■ PROBLEM STATEMENT
Your output is to hold only the lines from the one showing "The Montségur Medallion" through the end of the listing, exactly, with every picture excluded.

[[ MATERIAL PROVIDED open ]]

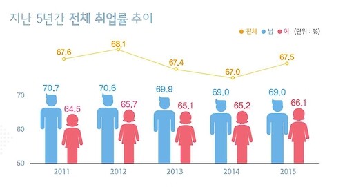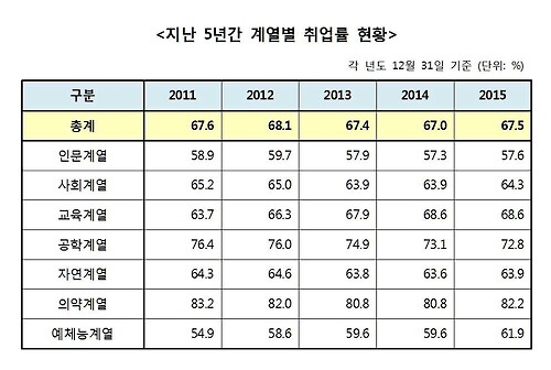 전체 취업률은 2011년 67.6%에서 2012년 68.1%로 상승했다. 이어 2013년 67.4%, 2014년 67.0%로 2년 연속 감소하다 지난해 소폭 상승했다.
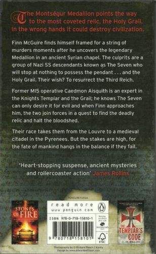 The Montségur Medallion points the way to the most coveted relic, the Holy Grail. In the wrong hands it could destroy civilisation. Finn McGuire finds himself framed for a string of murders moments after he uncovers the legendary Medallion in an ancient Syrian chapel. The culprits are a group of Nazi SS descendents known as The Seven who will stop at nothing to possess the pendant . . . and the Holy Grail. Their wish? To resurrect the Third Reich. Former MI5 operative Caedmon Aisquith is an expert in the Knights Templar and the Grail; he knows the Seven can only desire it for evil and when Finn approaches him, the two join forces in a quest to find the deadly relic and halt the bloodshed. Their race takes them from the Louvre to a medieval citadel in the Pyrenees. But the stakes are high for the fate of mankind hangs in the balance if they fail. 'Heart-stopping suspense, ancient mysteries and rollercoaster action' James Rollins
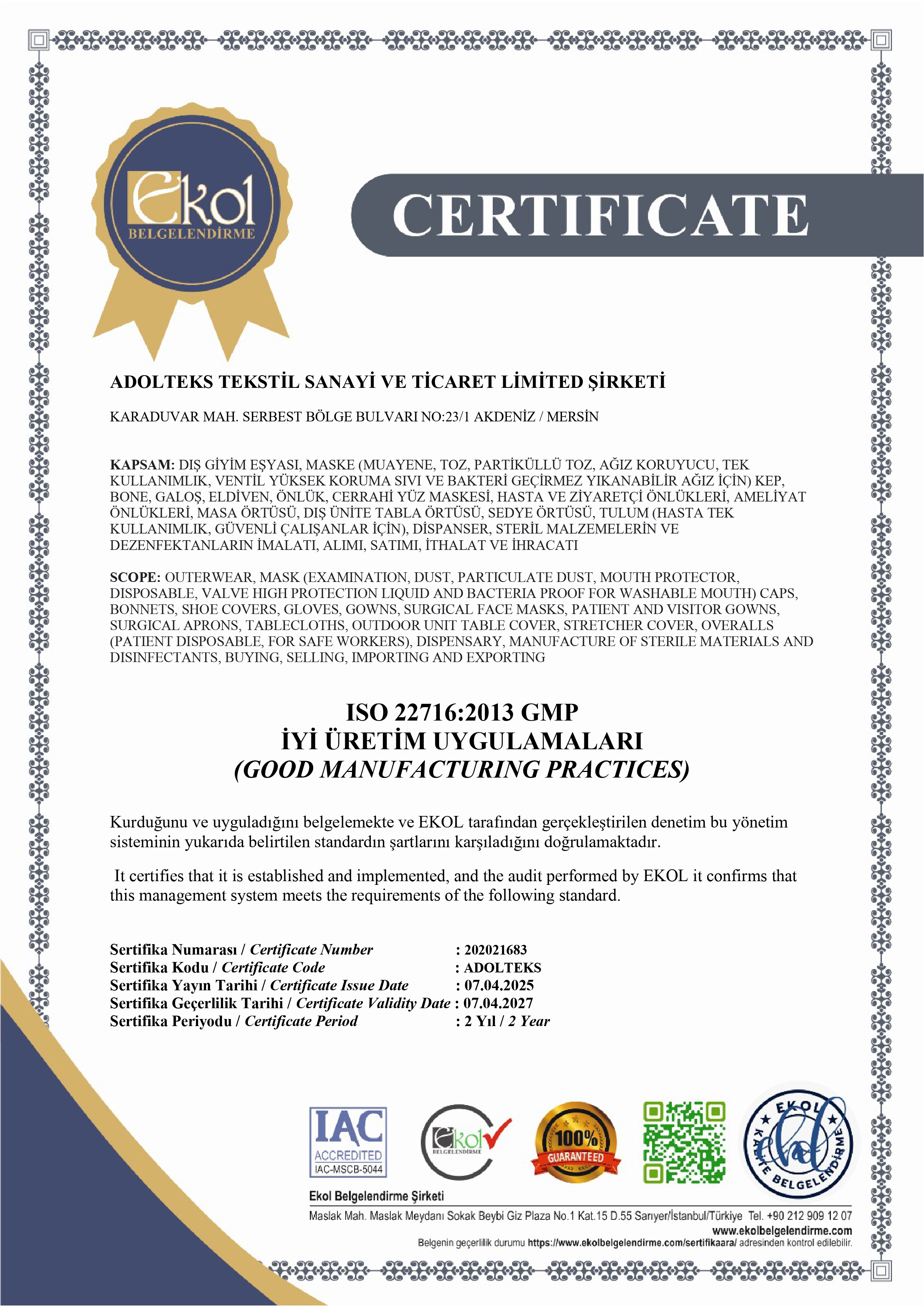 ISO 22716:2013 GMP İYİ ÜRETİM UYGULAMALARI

[[ MATERIAL PROVIDED closed ]]

■ TASK SOLUTION
 The Montségur Medallion points the way to the most coveted relic, the Holy Grail. In the wrong hands it could destroy civilisation. Finn McGuire finds himself framed for a string of murders moments after he uncovers the legendary Medallion in an ancient Syrian chapel. The culprits are a group of Nazi SS descendents known as The Seven who will stop at nothing to possess the pendant . . . and the Holy Grail. Their wish? To resurrect the Third Reich. Former MI5 operative Caedmon Aisquith is an expert in the Knights Templar and the Grail; he knows the Seven can only desire it for evil and when Finn approaches him, the two join forces in a quest to find the deadly relic and halt the bloodshed. Their race takes them from the Louvre to a medieval citadel in the Pyrenees. But the stakes are high for the fate of mankind hangs in the balance if they fail. 'Heart-stopping suspense, ancient mysteries and rollercoaster action' James Rollins
 ISO 22716:2013 GMP İYİ ÜRETİM UYGULAMALARI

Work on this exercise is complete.